[Dixielandjazz] the Dixieland Jazz dispute revisited
Bert
mister_bertje at hotmail.com
Tue Nov 5 02:47:06 EST 2019
Personally I wouldn't mind also calling the music as recorded by Bix/Rollini in 6 piece setting in october 1927 Dixieland, as long as it can be agreed there is nothing wrong with these works on musical values. Dixieland certainly describes it better than N.O. jazz or Chicago obviously and it is not very typical New York jazz from that period either. It think it typified the music Bix and Rollini loved to play most, but in the end could not find regular and lasting employment with. The Club New Yorker booking they had only lasted one month. Bix went to Whiteman, Rollini to London, where both of them could find more secure work.
The interesting parallel of course being that Armstrong also had no employment at all for his Hot Five or Seven outside the recording studio. In reality he was working in the orchestra pit in Chicago's Vendome Theatre, with Erskine Tate.
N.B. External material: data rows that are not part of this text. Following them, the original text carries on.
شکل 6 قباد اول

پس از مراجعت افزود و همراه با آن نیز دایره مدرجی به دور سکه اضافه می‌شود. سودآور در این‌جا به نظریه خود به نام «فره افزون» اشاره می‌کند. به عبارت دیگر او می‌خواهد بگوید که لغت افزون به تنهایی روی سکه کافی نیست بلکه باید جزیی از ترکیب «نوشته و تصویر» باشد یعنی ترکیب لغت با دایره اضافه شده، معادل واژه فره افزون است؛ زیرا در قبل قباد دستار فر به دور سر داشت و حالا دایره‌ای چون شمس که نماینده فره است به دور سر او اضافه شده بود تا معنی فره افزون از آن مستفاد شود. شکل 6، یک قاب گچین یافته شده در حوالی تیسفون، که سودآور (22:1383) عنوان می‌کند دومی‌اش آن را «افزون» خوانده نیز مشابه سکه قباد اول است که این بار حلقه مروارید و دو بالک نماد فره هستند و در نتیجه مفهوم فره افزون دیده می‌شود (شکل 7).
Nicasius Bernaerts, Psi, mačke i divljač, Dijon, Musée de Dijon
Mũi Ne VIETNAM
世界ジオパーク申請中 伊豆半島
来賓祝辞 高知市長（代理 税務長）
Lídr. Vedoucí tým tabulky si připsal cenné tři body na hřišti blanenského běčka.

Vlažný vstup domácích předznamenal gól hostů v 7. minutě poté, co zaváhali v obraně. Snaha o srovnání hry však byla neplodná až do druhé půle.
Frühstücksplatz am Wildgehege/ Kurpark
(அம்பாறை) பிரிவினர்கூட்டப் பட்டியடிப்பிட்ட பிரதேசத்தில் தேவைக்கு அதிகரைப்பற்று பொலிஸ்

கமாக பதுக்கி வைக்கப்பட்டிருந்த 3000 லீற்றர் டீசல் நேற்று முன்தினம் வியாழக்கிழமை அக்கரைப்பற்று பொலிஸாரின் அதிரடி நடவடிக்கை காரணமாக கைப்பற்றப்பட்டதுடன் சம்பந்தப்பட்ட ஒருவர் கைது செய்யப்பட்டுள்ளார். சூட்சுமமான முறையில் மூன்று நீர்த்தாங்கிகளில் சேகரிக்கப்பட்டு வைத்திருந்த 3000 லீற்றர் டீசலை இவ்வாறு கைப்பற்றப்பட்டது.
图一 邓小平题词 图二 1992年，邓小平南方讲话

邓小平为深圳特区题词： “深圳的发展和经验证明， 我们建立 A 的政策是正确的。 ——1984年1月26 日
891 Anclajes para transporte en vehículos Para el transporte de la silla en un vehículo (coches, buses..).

So apparently the market for jazz in life situation, in what we might feel as in it's most pure form from that period, was allready in decline in 1927. It needed to blend with other forms of more "commercial" music in order to survive. (I realise this is debatable, since jazz needed to be commercial as well) Allready at that early stage, which in effect of course it was allready doing big time for some years.
Kind regards,
Bert
Thanks for the copy Bert
Most interesting
Of course Dixieland can be properly used to refer to the music of the ODJB but sadly we are way past that.
Regards Dan Hardie
On 5 Nov 2019, at 2:48 am, Bert <mister_bertje at hotmail.com<mailto:mister_bertje at hotmail.com>> wrote:
Personally I never had any problems with the term Dixieland.
When I started playing music (Classical at first, at 11 I "discovered" a music to which I responded strongly, is what we might call Jazz in a very broad definition) we were more or less taught at school, and what was at that time also supported by the press, that music called New Orleans Jazz was good, and Dixieland was bad.
New Orleans Jazz stood for: authentic, black, the real thing, uncommercial.
Dixieland stood for: imitation, white, cheap, commercial.
But pretty soon I discovered that I could not live with these simple generalisations. When I listened to a great variety of jazz records, I simply liked those that were well-played. Independed from the fact if they were recorded in N.O. Chicago, N.Y, Japan or Europe. I could have appreciated wellplayed music recorded on the moon, if that would exist. And of course that accounts for skin color exactly the same.